Cerchi una cosa e ne trovi un'altra, più bella e preziosa o strana e inaspettata. Una specie di magia sostitutiva, di cui si è appropriata anche la scienza, quella "dura", per definire tutte le scoperte avvenute per caso, cercando, appunto, altro.

Serendipity è anche un'attitudine mentale (cerca di raggiungere le Indie, troverai l'America, come diceva Andrea Zanzotto), un esercizio di concentrazione "alla rovescia", che libera l'intuizione, ed è, in assoluto il tipo di atteggiamento da usare per innamorarsi e per trovare quadrifogli e funghi.
 
 
 I grandi fungaioli dicono che bisogno distrarre il bosco, distraendosi. Ecco che allora il bosco, rilassato, non nasconde più i suoi tesori, ma li fa trovare proprio lì, davanti al passo.
 
 Io amo pensare mio padre come un maestro di serendipity.

mercoledì 19 settembre 2012

Urban jungle sui canali.


Grazie alla mia amica Maureen, il cui sguardo mi somiglia e mi salva guardando negli altrove (che sia Genova o New York o chissà) quando io sono ferma in una Milano che mi sta un po' stretta, insomma, grazie a lei, una finestra inaspettata su Amsterdam e su tutto il mondo vegetale che cresce domestico selvatico e sempre un po' fuori dalle righe (o canali che siano).

Mi piace pensare che le città di canali abbiano un bel rapporto libero con le loro piante.
















giovedì 6 settembre 2012

Regole e keiki.



Io sono convinta di tutte quelle belle e giuste cose edificanti che come parabole vengono raccontate e ri-raccontate. Sono convinta della necessità di seguire delle regole, nel giardino e sul balcone -e anche in altri luoghi.

Sono convinta che non ho letto abbastanza la garzantina di giardinaggio e altri libri obbligatori (ho letto però, fino a cavarmi gli occhi, il forum di giardinaggio.it).
Sono convinta di cose banali, tipo che con troppa acqua le piante in vaso annegano, marciscono e che con troppo poca soffrono e seccano. Lo so dalle elementari, come tutti.

Eppure, il mio ritorno dopo questa lunga e strana estate ha messo in crisi molte delle mie certezze.
Da sole, nell'estate più calda degli ultimi anni, le piante del terrazzo se la sono cavata egregiamente.

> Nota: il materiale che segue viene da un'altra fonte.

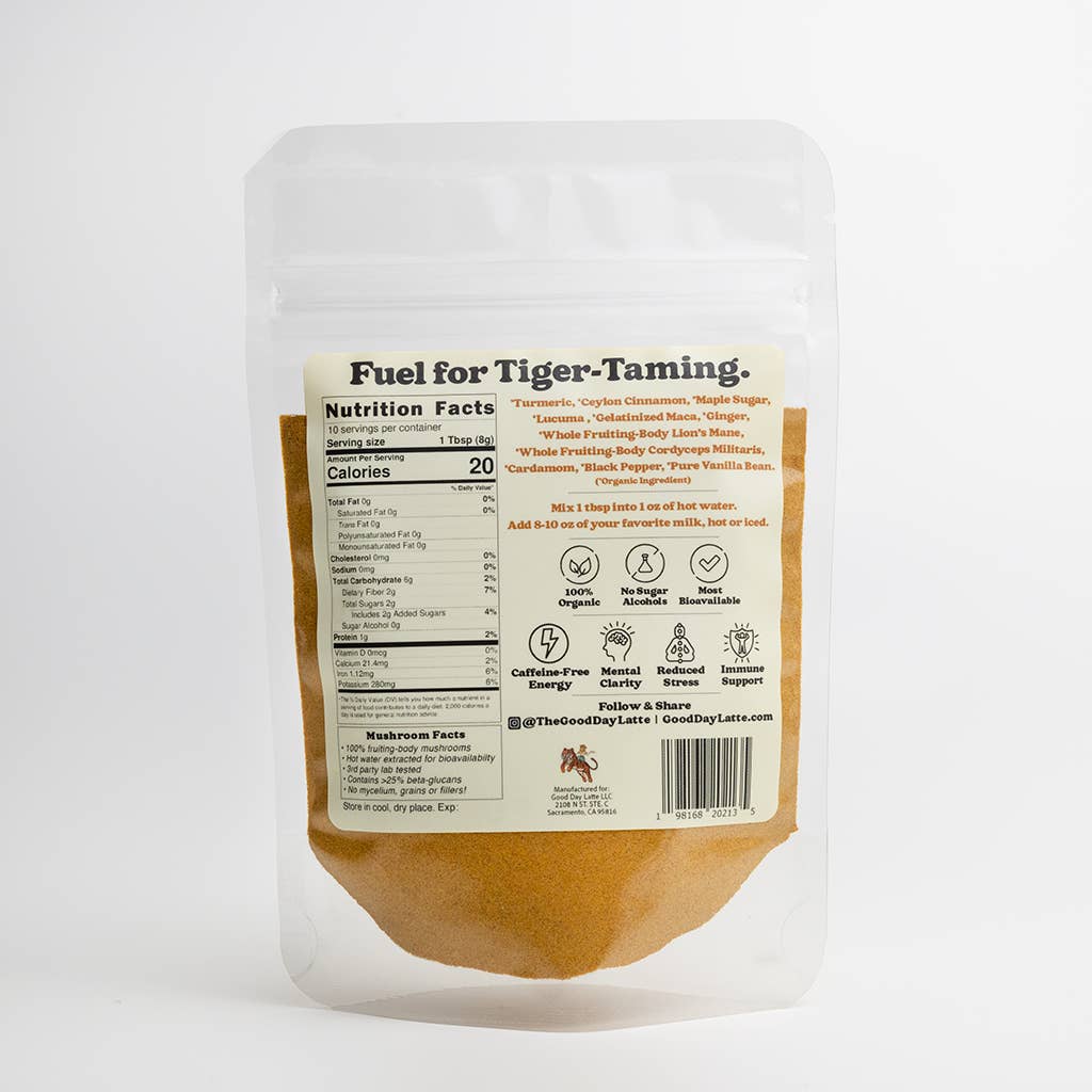 Turmeric, Ceylon Cinnamon, Maple Sugar, Lucuma, Gelatinized Maca, Ginger, Whole Fruiting-Body Cordyceps Mushroom, Whole Fruiting-Body Lion's Mane Mushroom, Cardamom, Black Pepper, Pure Vanilla Bean.

Molto meglio, oso dire, che se le avessi covate ogni giorno con concime e annaffiatoio. Certo, avevano l'irrigatore automatico, ma impostato sul minimo necessario alla sopravvivenza onde evitare inondazioni ferragostane di sottostanti.
Ecco cosa ho trovato:
Rose più fiorite di quando sono partita.
Glicine rigoglioso.
Camelia in ottima forma
Bambù belli piena di lifa e foglie

Ma soprattutto.

Soprattutto.

Orchidea phalenopsis, abbandonata rovesciata o quasi in sottovaso riempito d'acqua, meravigliosa, lucida e con un nuovo emozionante piccolo keiki (il primo della sua e della mia vita).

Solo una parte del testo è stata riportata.